=== Section Start ===
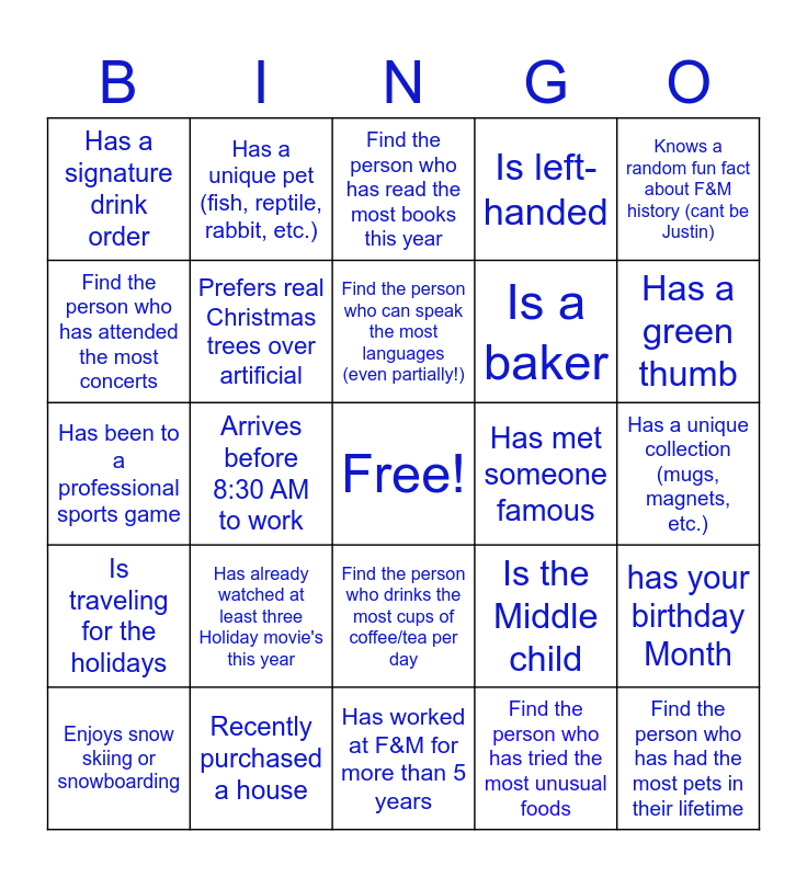 This bingo card has a free space and 24 words: Has already watched at least three Holiday movie's this year, Recently purchased a house, Find the person who can speak the most languages (even partially!), Enjoys snow skiing or snowboarding, Knows a random fun fact about F&M history (cant be Justin), Has a signature drink order, Find the person who has attended the most concerts, Has a unique pet (fish, reptile, rabbit, etc.), Has met someone famous, Find the person who drinks the most cups of coffee/tea per day, Is a baker, Has been to a professional sports game, Is the Middle child, has your birthday Month, Prefers real Christmas trees over artificial, Find the person who has tried the most unusual foods, Has a unique collection (mugs, magnets, etc.), Find the person who has read the most books this year, Has a green thumb, Arrives before 8:30 AM to work, Find the person who has had the most pets in their lifetime, Is traveling for the holidays, Is left-handed and Has worked at F&M for more than 5 years.
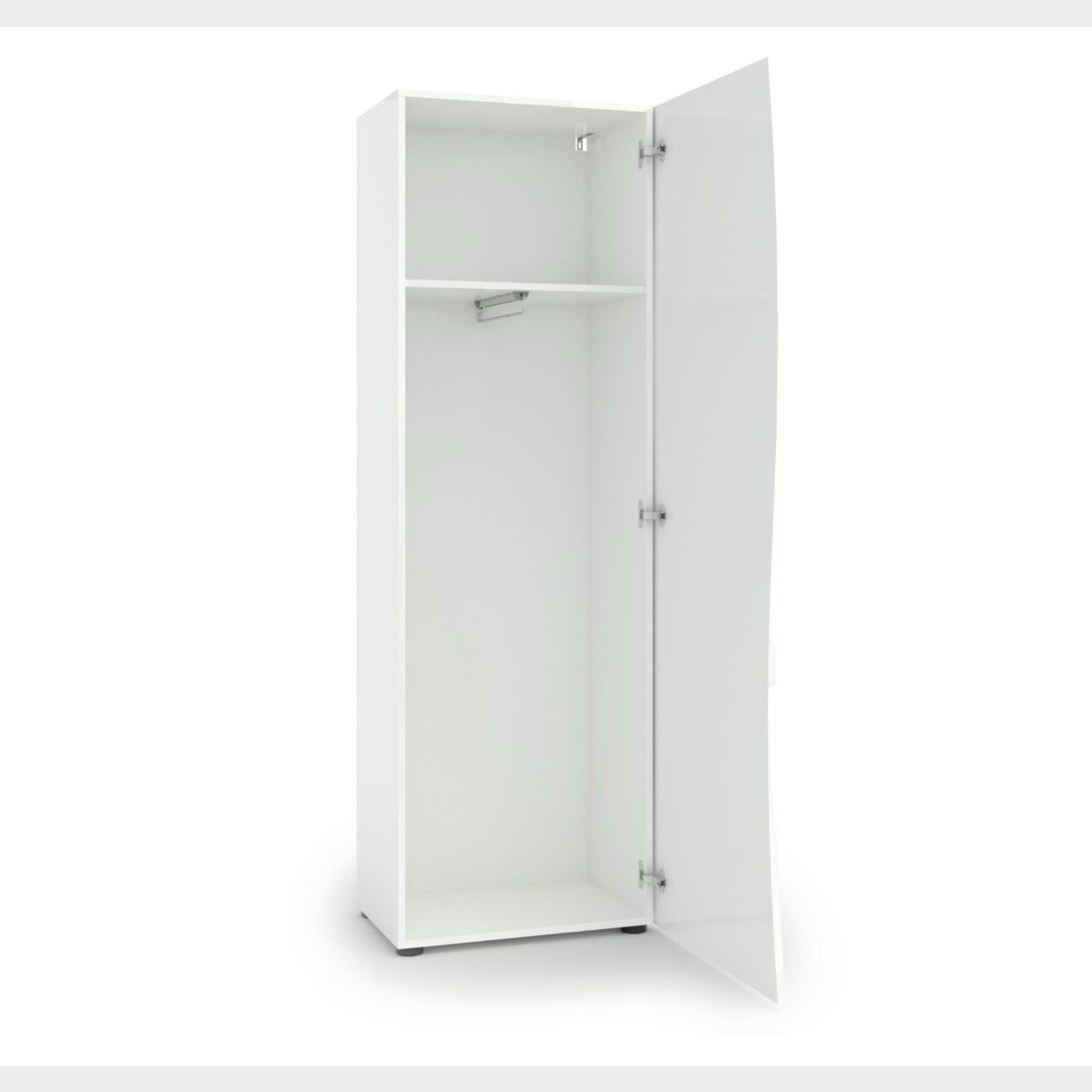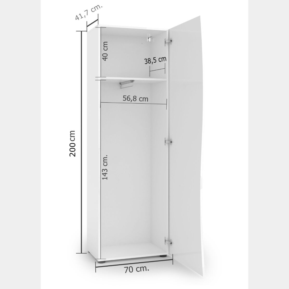 E' dotato di un'anta, un ripiano in alto e un tubo appendiabiti.
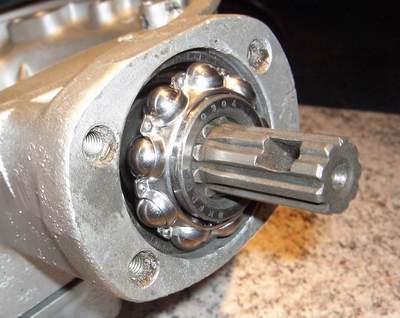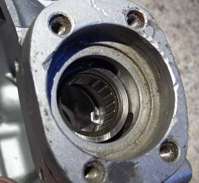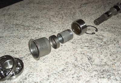 Wenn die Kardanwelle entfernt wurde, und der Wellenseitige Lagersitz des QB20 Lagers nicht mehr der beste ist - kann man die Welle mit relativ geringer Kraft ein Stück nach innen schieben, wobei an einem gewissen Punkt die Walzen des hinteren Lagers herausfallen. Ganz demontieren kann man die Welle leider nicht - daran hintern einem die zwei Halbmonde, die unter dem Ring sitzen, der das QB20 auf der einen Seite in Position hält.
=== Section End ===
*REQUIRED ACTION*. May I have only the lines from the start of the data through the line containing "E' dotato di", both included, reproduced exactly and without the pictures?

*TASK ANSWER*.
 This bingo card has a free space and 24 words: Has already watched at least three Holiday movie's this year, Recently purchased a house, Find the person who can speak the most languages (even partially!), Enjoys snow skiing or snowboarding, Knows a random fun fact about F&M history (cant be Justin), Has a signature drink order, Find the person who has attended the most concerts, Has a unique pet (fish, reptile, rabbit, etc.), Has met someone famous, Find the person who drinks the most cups of coffee/tea per day, Is a baker, Has been to a professional sports game, Is the Middle child, has your birthday Month, Prefers real Christmas trees over artificial, Find the person who has tried the most unusual foods, Has a unique collection (mugs, magnets, etc.), Find the person who has read the most books this year, Has a green thumb, Arrives before 8:30 AM to work, Find the person who has had the most pets in their lifetime, Is traveling for the holidays, Is left-handed and Has worked at F&M for more than 5 years.
 E' dotato di un'anta, un ripiano in alto e un tubo appendiabiti.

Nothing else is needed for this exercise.